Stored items
= = = = =

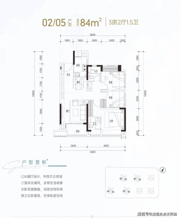 其中,推出建面约84㎡三房两厅两卫,约98㎡三房两厅两卫,约114㎡四房两厅两卫,约128㎡四房两厅两卫,共计4个面积段产品。
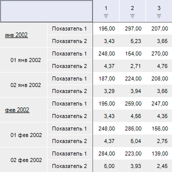 При нажатии на кнопку для экспресс-отчета, загруженного в «UiErAnalyzer1», будет включен подсчет итогов. По строкам будет рассчитываться сумма значений. Также будут рассчитываться промежуточные значений итогов. Будут созданы два вычисляемых показателя, осуществляющих расчет на базе значений первого столбца. Первый вычисляемый показатель будет рассчитывать процентное соотношение значений от общего итога, второй - процентное соотношение от промежуточных итогов. Для вычисляемых показателей будет настроен формат отображения.
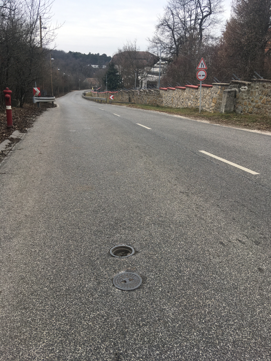 A Konkoly-Thege Miklós úton (Bp. 12 kerület), a KFKI teleppel szemben az úttesten a vízakna teteje hiányzik/betört. Különösen a kerékpárosok számára balesetveszélyes.
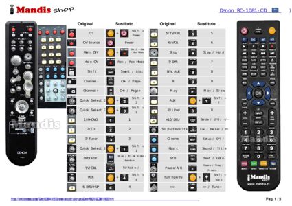 Este mando a distancia realiza todas las funciones del mando a distancia original: On / Source, Off, Shift, Channel-, Channel+, Quick Select 1, Quick Select 2, Quick Select 3, DVD/HDP, TV/CBL, VCR, Play, Stop, Skip+ / Favorite / Rev. Play, Pause / A/B, <<, >>, >>I / CH+, I<< / CH-, Vol+, Vol-, Muting, V.Select / Setup, Night / Audio, Up, Left, CH Sel / Enter, Right, Down, Dimmer / Menu/Guide, Display, Status / Return, Zone 2 Off, Zone 2 On, Main Off, Main On, 1 / PHONO, 2 / CD, 3 / TUNER, 4 / DVD/HDP, 5 / TV/CBL, 6 / VCR, 7 / DVR, 8 / V.AUX, 9, 0 / iPod, AUX, +10/DTU, Tuning+ / TV Vol+, Tuning- / TV Vol-, Mode / DVD Menu, Band / Pic Adjust, Memory / Subtitle, Cinema, Music, STD, D/ST, Pure, Simu, A.Menu / Setup, Input / Audio, Test / Display, Return, Up, Left, Ent, Right, Down
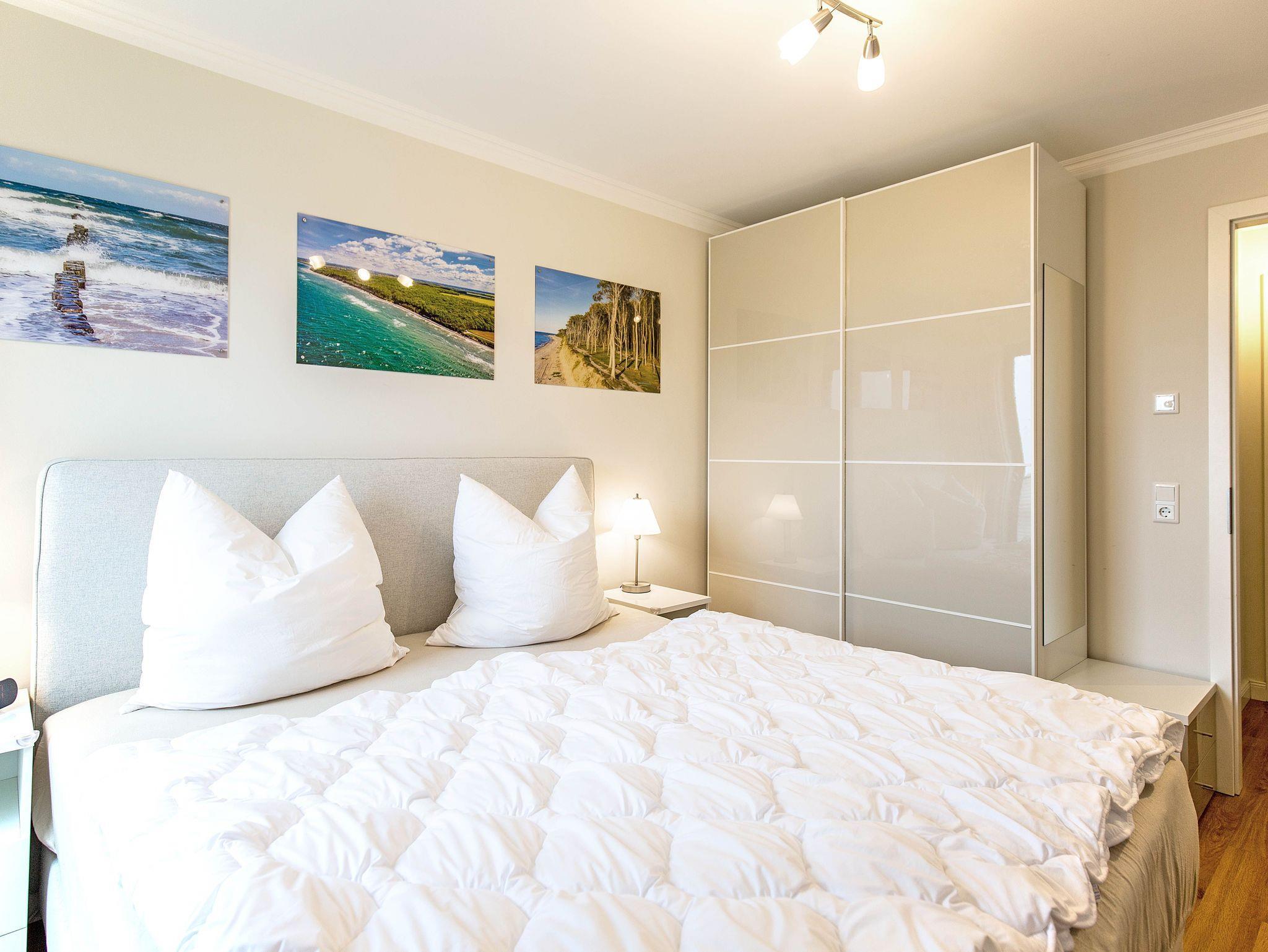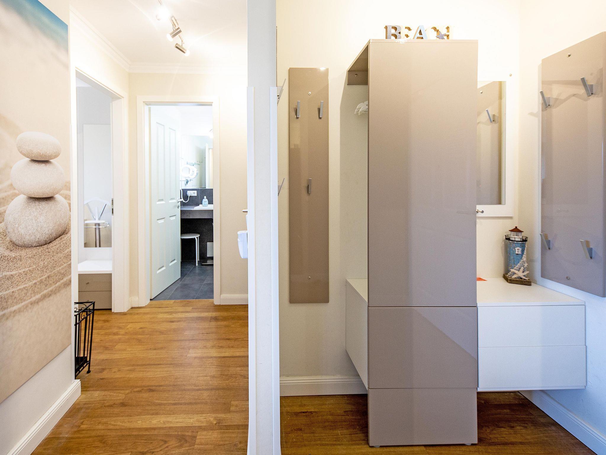 Im November 2021 neu eingerichtet, bietet diese großzügige Wohnung Platz für bis zu fünf Personen. Zwei Schlafzimmer und zwei Bäder sind perfekt für einen entspannten Aufenthalt. Eines der Schlafzimmer verfügt über ein angrenzendes Bad, ein sogenanntes „Bad en Suite“. Das zweite Bad erreicht man über einen Zwischenflur. Die Bäder sind umfassend mit einer bodentiefen Dusche, großem LED-Wandspiegel, Ablagen, Handtuchtrockner, Föhn, Personenwaage und weiteren Annehmlichkeiten ausgestattet. In den Schlafräumen erwarten Sie je ein modernes Boxspringbett mit durchgehender Matratze von 1,80 x 2,00m (linkes Schlafzimmer mittelfeste Matratze/ rechtes Schlafzimmer feste Matratze) Außerdem verfügen beide über Kleiderschrank mit Ganzkörperspiegel und eine Wandkommode. Über diesen sind moderne 43 Zoll TV- Geräte angebaut worden. Den vorhandenen Kosmetiktisch im ersten Schlafzimmer können Sie zudem als Schreibtisch nutzen. Installierte Fliegengitter sorgen in allen drei Zimmern für unbeschwerten Schlafkomfort. Bitte beachten Sie, dass in den Schlafzimmern kein Platz für den Aufbau eines zusätzlichen Kinderreisebetts ist. Im Wohnbereich empfängt Sie eine bequeme Sitzgarnitur mit ausziehbarer Schlafcouch, ein TV-Board mit einem supergroßen OLED-Fernseher, Blu-ray-Player und einem ganzen Schwung an DVDs. Ein weiteres stimmungsvolles Highlight ist der gut nutzbare Gas-Kamin. Der Bereich erstreckt sich über eine komplett eingerichtete Küchenzeile und einen Esstisch mit fünf Stühlen für gemeinsame Mahlzeiten und gesellige Spieleabende. Die integrierte Induktionsherdplatte (4-Kochstellen) sorgt für eine schnellere Zubereitung Ihrer Gerichte. Weiterhin stehen ein Backofen, Geschirrspüler, Kühlschrank mit Gefrierfach, Mikrowelle, Kaffeemaschine, „Nespressomaschine“, Wasserkocher und Toaster zur Verfügung. Es ist für ausreichende Abstell- und Unterbringungsmöglichkeiten gesorgt. Über den Wohnbereich gelangen Sie auf den herrlichen Balkon in Nord-Ausrichtung mit traumhaftem Ostseeblick. Im vorhandenen Strandkorb können Sie fantastische Sonnenuntergänge genießen. Die verbaute Fußbodenheizung sorgt in allen Räumen stets für wohlige Wärme. Zur Wohnung gehören zudem ein kostenfreier Tiefgaragenstellplatz und eine Abstellmöglichkeit für Fahrräder. Bitte beachten Sie die Durchfahrtshöhe von max. 1,90 m der Tiefgarage. Mit einem Personenaufzug gelangen Sie von der Tiefgarage aus direkt zu Ihrer Wohnung. Im Erdgeschoss der Wohnung befindet sich ein gekennzeichneter Abstellbereich für Kinderwagen. Eine Waschmaschine und ein Trockner stehen im separaten Hauswirtschaftsraum im Untergeschoss der Villa zu Ihrer Verfügung (gegen Gebühr / 1,00 € Münzen). Hier noch einige Hinweise: Es handelt sich um eine Nichtraucherwohnung. Haustiere sind nicht gestattet. Das WLAN steht kostenfrei in allen Zimmern zur Verfügung. Das Datenvolumen ist unbegrenzt, so dass Sie ohne Limit nach Herzenslust streamen können. Das Netz schwankt aber leider noch, wenn sich viele Nutzer in Börgerende im Internet befinden. Weiterhin befinden sich in der Wohnung ein Garderobenbereich, ein fest verbauter Safe für Ihre Wertsachen und zwei Abstellräume, in denen Sie bequem zusätzliche Dinge unterbringen können - auch die leeren Koffer. Hier finden Sie auch ein Bügelbrett und Dampfbügeleisen. Wäschesets, Kinderreisebett und Kinderhochstuhl können kostenpflichtig zugebucht werden. Ab der dritten Person wird ein Aufschlag in Höhe von 15,00 €/ÜN berechnet. Die Unterkunft befindet sich wenige Meter vom Badestrand entfernt in ruhiger Lage zur Promenade. Kein Autoverkehr! Sichern Sie sich einen der begehrten Strandkörbe nur ein paar Meter entfernt von den rauschenden Wellen der Ostsee (Anfang Mai - Ende August) und buchen Sie jetzt zu besonderen Konditionen (12,00 € pro Tag oder 75,00 € pro Woche.)
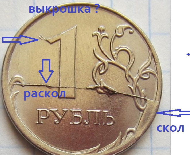 На этой монете 5 видов брака - 1раскол. 2 скол. 3 выкрошка. 4 износ штемпеля на буквах. 5 небольшой разворот реверс-аверс. Имеет ли такая монета интерес любителей или в оборот её?
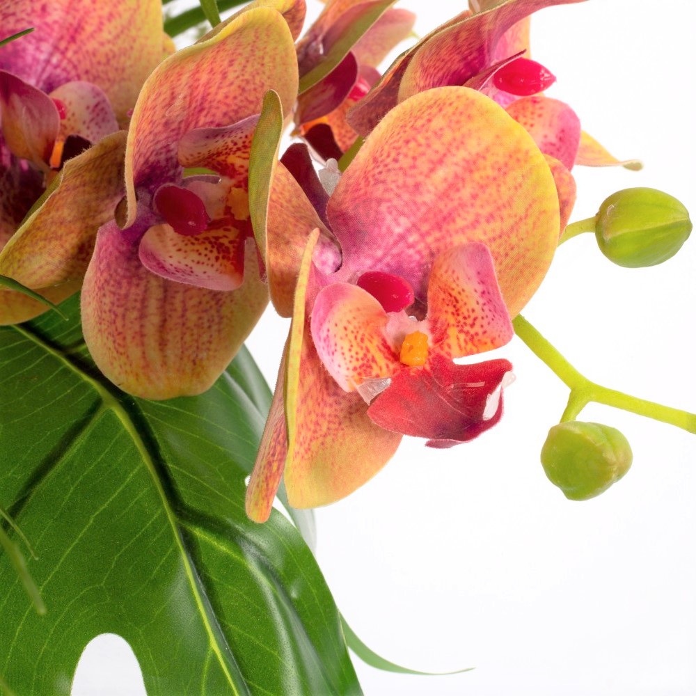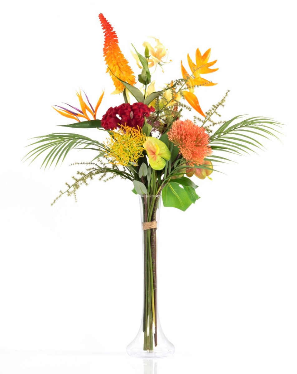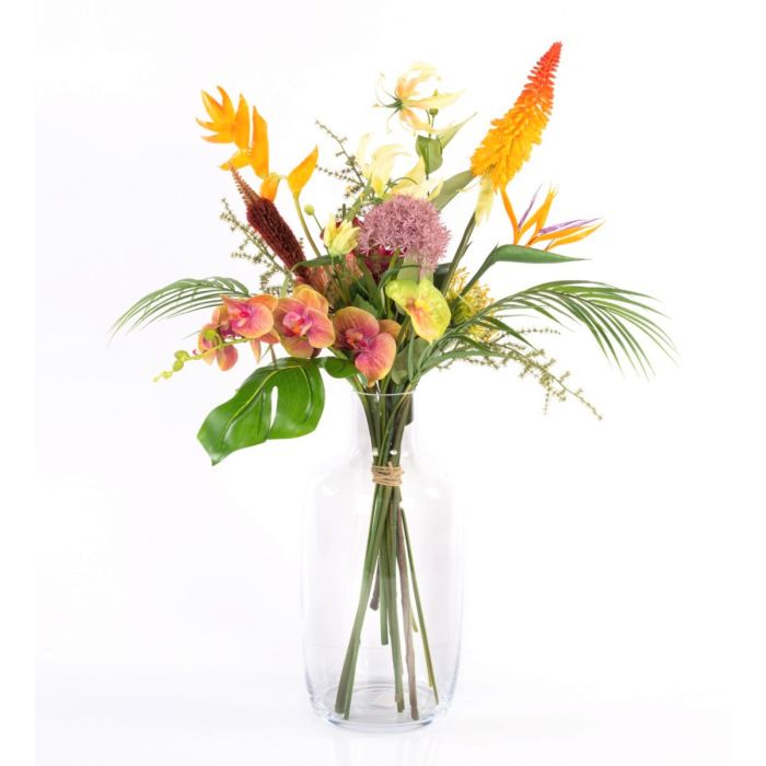 Plastik Paradiesstrauß OHANA, Orchidee, Helikonie, bunt, 85cm, Ø50cm
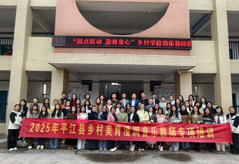 2025年10月31日,由贵州省为爱黔行公益服务中心与县教育局联合主办的“平江县2025年美育浸润计划·大山里的音乐课堂”乡村音乐教师专项培训在龙门镇中心小学举行。来自贵州省为爱黔行公益服务中心项目的主任赵桃莉、专员李玉林 刘学珉三名负责人和平江县各中小学的60余名音乐教师齐聚一堂,共同开启了一场以节奏与激情为主题的美育研修之旅。
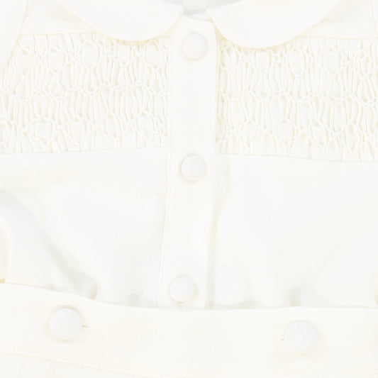 FRANCESCA GUILIANO IVORY LINEN SMOCKED COLLAR SET

= = = = =

- **WHAT YOU WILL DO**
Each record above must be set down again unchanged, with its pictures left out.

- **RESULT**
 其中,推出建面约84㎡三房两厅两卫,约98㎡三房两厅两卫,约114㎡四房两厅两卫,约128㎡四房两厅两卫,共计4个面积段产品。
 При нажатии на кнопку для экспресс-отчета, загруженного в «UiErAnalyzer1», будет включен подсчет итогов. По строкам будет рассчитываться сумма значений. Также будут рассчитываться промежуточные значений итогов. Будут созданы два вычисляемых показателя, осуществляющих расчет на базе значений первого столбца. Первый вычисляемый показатель будет рассчитывать процентное соотношение значений от общего итога, второй - процентное соотношение от промежуточных итогов. Для вычисляемых показателей будет настроен формат отображения.
 A Konkoly-Thege Miklós úton (Bp. 12 kerület), a KFKI teleppel szemben az úttesten a vízakna teteje hiányzik/betört. Különösen a kerékpárosok számára balesetveszélyes.
 Este mando a distancia realiza todas las funciones del mando a distancia original: On / Source, Off, Shift, Channel-, Channel+, Quick Select 1, Quick Select 2, Quick Select 3, DVD/HDP, TV/CBL, VCR, Play, Stop, Skip+ / Favorite / Rev. Play, Pause / A/B, <<, >>, >>I / CH+, I<< / CH-, Vol+, Vol-, Muting, V.Select / Setup, Night / Audio, Up, Left, CH Sel / Enter, Right, Down, Dimmer / Menu/Guide, Display, Status / Return, Zone 2 Off, Zone 2 On, Main Off, Main On, 1 / PHONO, 2 / CD, 3 / TUNER, 4 / DVD/HDP, 5 / TV/CBL, 6 / VCR, 7 / DVR, 8 / V.AUX, 9, 0 / iPod, AUX, +10/DTU, Tuning+ / TV Vol+, Tuning- / TV Vol-, Mode / DVD Menu, Band / Pic Adjust, Memory / Subtitle, Cinema, Music, STD, D/ST, Pure, Simu, A.Menu / Setup, Input / Audio, Test / Display, Return, Up, Left, Ent, Right, Down
 Im November 2021 neu eingerichtet, bietet diese großzügige Wohnung Platz für bis zu fünf Personen. Zwei Schlafzimmer und zwei Bäder sind perfekt für einen entspannten Aufenthalt. Eines der Schlafzimmer verfügt über ein angrenzendes Bad, ein sogenanntes „Bad en Suite“. Das zweite Bad erreicht man über einen Zwischenflur. Die Bäder sind umfassend mit einer bodentiefen Dusche, großem LED-Wandspiegel, Ablagen, Handtuchtrockner, Föhn, Personenwaage und weiteren Annehmlichkeiten ausgestattet. In den Schlafräumen erwarten Sie je ein modernes Boxspringbett mit durchgehender Matratze von 1,80 x 2,00m (linkes Schlafzimmer mittelfeste Matratze/ rechtes Schlafzimmer feste Matratze) Außerdem verfügen beide über Kleiderschrank mit Ganzkörperspiegel und eine Wandkommode. Über diesen sind moderne 43 Zoll TV- Geräte angebaut worden. Den vorhandenen Kosmetiktisch im ersten Schlafzimmer können Sie zudem als Schreibtisch nutzen. Installierte Fliegengitter sorgen in allen drei Zimmern für unbeschwerten Schlafkomfort. Bitte beachten Sie, dass in den Schlafzimmern kein Platz für den Aufbau eines zusätzlichen Kinderreisebetts ist. Im Wohnbereich empfängt Sie eine bequeme Sitzgarnitur mit ausziehbarer Schlafcouch, ein TV-Board mit einem supergroßen OLED-Fernseher, Blu-ray-Player und einem ganzen Schwung an DVDs. Ein weiteres stimmungsvolles Highlight ist der gut nutzbare Gas-Kamin. Der Bereich erstreckt sich über eine komplett eingerichtete Küchenzeile und einen Esstisch mit fünf Stühlen für gemeinsame Mahlzeiten und gesellige Spieleabende. Die integrierte Induktionsherdplatte (4-Kochstellen) sorgt für eine schnellere Zubereitung Ihrer Gerichte. Weiterhin stehen ein Backofen, Geschirrspüler, Kühlschrank mit Gefrierfach, Mikrowelle, Kaffeemaschine, „Nespressomaschine“, Wasserkocher und Toaster zur Verfügung. Es ist für ausreichende Abstell- und Unterbringungsmöglichkeiten gesorgt. Über den Wohnbereich gelangen Sie auf den herrlichen Balkon in Nord-Ausrichtung mit traumhaftem Ostseeblick. Im vorhandenen Strandkorb können Sie fantastische Sonnenuntergänge genießen. Die verbaute Fußbodenheizung sorgt in allen Räumen stets für wohlige Wärme. Zur Wohnung gehören zudem ein kostenfreier Tiefgaragenstellplatz und eine Abstellmöglichkeit für Fahrräder. Bitte beachten Sie die Durchfahrtshöhe von max. 1,90 m der Tiefgarage. Mit einem Personenaufzug gelangen Sie von der Tiefgarage aus direkt zu Ihrer Wohnung. Im Erdgeschoss der Wohnung befindet sich ein gekennzeichneter Abstellbereich für Kinderwagen. Eine Waschmaschine und ein Trockner stehen im separaten Hauswirtschaftsraum im Untergeschoss der Villa zu Ihrer Verfügung (gegen Gebühr / 1,00 € Münzen). Hier noch einige Hinweise: Es handelt sich um eine Nichtraucherwohnung. Haustiere sind nicht gestattet. Das WLAN steht kostenfrei in allen Zimmern zur Verfügung. Das Datenvolumen ist unbegrenzt, so dass Sie ohne Limit nach Herzenslust streamen können. Das Netz schwankt aber leider noch, wenn sich viele Nutzer in Börgerende im Internet befinden. Weiterhin befinden sich in der Wohnung ein Garderobenbereich, ein fest verbauter Safe für Ihre Wertsachen und zwei Abstellräume, in denen Sie bequem zusätzliche Dinge unterbringen können - auch die leeren Koffer. Hier finden Sie auch ein Bügelbrett und Dampfbügeleisen. Wäschesets, Kinderreisebett und Kinderhochstuhl können kostenpflichtig zugebucht werden. Ab der dritten Person wird ein Aufschlag in Höhe von 15,00 €/ÜN berechnet. Die Unterkunft befindet sich wenige Meter vom Badestrand entfernt in ruhiger Lage zur Promenade. Kein Autoverkehr! Sichern Sie sich einen der begehrten Strandkörbe nur ein paar Meter entfernt von den rauschenden Wellen der Ostsee (Anfang Mai - Ende August) und buchen Sie jetzt zu besonderen Konditionen (12,00 € pro Tag oder 75,00 € pro Woche.)
 На этой монете 5 видов брака - 1раскол. 2 скол. 3 выкрошка. 4 износ штемпеля на буквах. 5 небольшой разворот реверс-аверс. Имеет ли такая монета интерес любителей или в оборот её?
 Plastik Paradiesstrauß OHANA, Orchidee, Helikonie, bunt, 85cm, Ø50cm
 2025年10月31日,由贵州省为爱黔行公益服务中心与县教育局联合主办的“平江县2025年美育浸润计划·大山里的音乐课堂”乡村音乐教师专项培训在龙门镇中心小学举行。来自贵州省为爱黔行公益服务中心项目的主任赵桃莉、专员李玉林 刘学珉三名负责人和平江县各中小学的60余名音乐教师齐聚一堂,共同开启了一场以节奏与激情为主题的美育研修之旅。
 FRANCESCA GUILIANO IVORY LINEN SMOCKED COLLAR SET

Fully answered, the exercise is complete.